Head of Saudi religious police denies corruption
Abdulatif al-Sheikh says he would resign if there is one case of financial corruption
The head of Saudi Arabia’s religious police Sheikh Abdulatif al-Sheikh has dismissed reports of financial corruption within the institution, a Saudi daily said on Friday.
Dubbing the reports as rumors, al-Sheikh pledged to step down should there be “one case” that involves financial fraud, even if it amounts to one Riyal ($0.27), the Saudi daily al-Riyadh reported.
Al-Sheikh, who expressed his satisfaction over the performance of the Commission for the Promotion of Virtue and Prevention of Vice (Haia), said those who are against reforming the institution are the ones disseminating corruption rumors.

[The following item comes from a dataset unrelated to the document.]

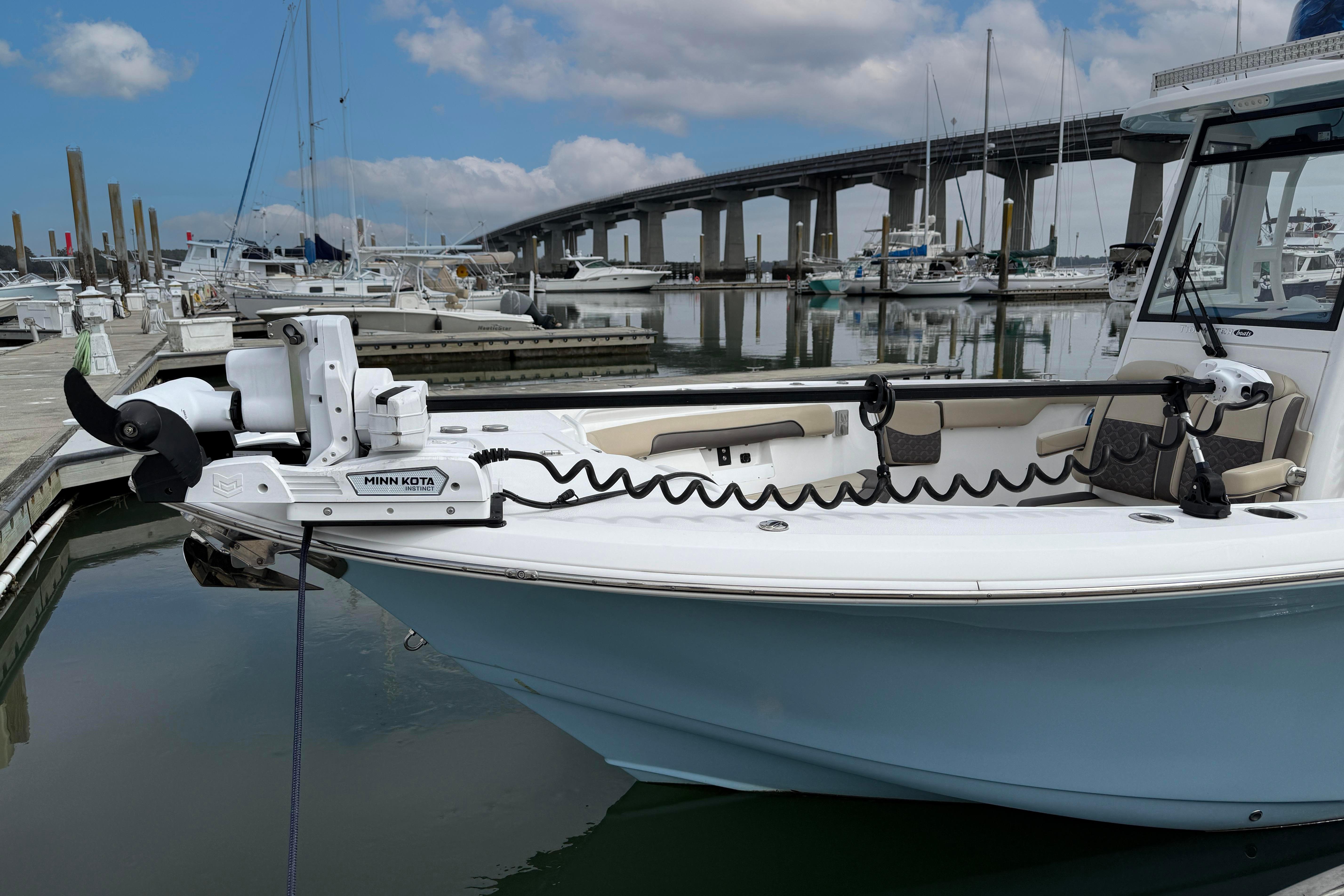 - Offshore Gear: Outfitted with a fiberglass hardtop with integrated spreader lights, Gemlux outriggers with carbon fiber poles, and multiple stainless steel rod holders. MinnKota Instinct 24/36v trolling motor

He accused former members of the police force, who were discharged earlier for their “oppressive practices,” to be the ones behind the corruption rumors, the newspaper added.
Al-Sheikh blamed the former members of seeking to “tarnish the image” of his institution after they “lost interests from which they used to benefit in the past.”
Corruption allegations
In August 2013, a source in the Saudi National Anti-Corruption Commission (known as “Nazaha”) said it received a complaint with alleged violations with the religious police.
One of the violations included a contract with a real estate firm to rent a tower on Riyadh’s King Fahd Road, the Saudi daily newspaper Okaz reported at the time.
The contract was allegedly for SR17.8 million ($4.53 million), despite that the same building was previously approved for rental to the Ministry of Housing for SR15 million ($4 million).
The complaint also included a claim that an official from the commission received a SR800,000 ($213,000) loan, of which SR400,000 ($106,000) was allocated for the opening of an “intellectual security” training program.
The commission spokesman, Turki Al-Shaleel, rejected the allegations as baseless and part of attempts to smear the religious authority, according to local daily, Okaz.
Shaleel said the general secretariat of the commission reserves the right to prosecute parties that spread wrongful reports about it.
The head of the Saudi religious police, Sheikh Abdel Latif al-Sheikh, at the governmental ranking of minister, reports directly to King Abdullah bin Abdul Aziz.
In a special interview with Al Arabiya News Channel aired on December last year, the head of the religious police, which is comprised of 6,000 members, said he was seeking a moderate approach to enforce the Shariah code in public.
“We are neither extremists nor too lenient. We follow the course of the Prophet Mohammad and we don’t seek to be repressive or brutal because this is not part of Islamic Shariah,” he said.
Al-Sheikh had said in February that there were “extremists” within the Commission.
He labeled them as “advocates of sedition” and vowed to eliminate them. “There are advocates of sedition within the Haia, and we will deal with them in accordance with the law and regulations. We will eliminate whoever urges sedition in this country,” he warned.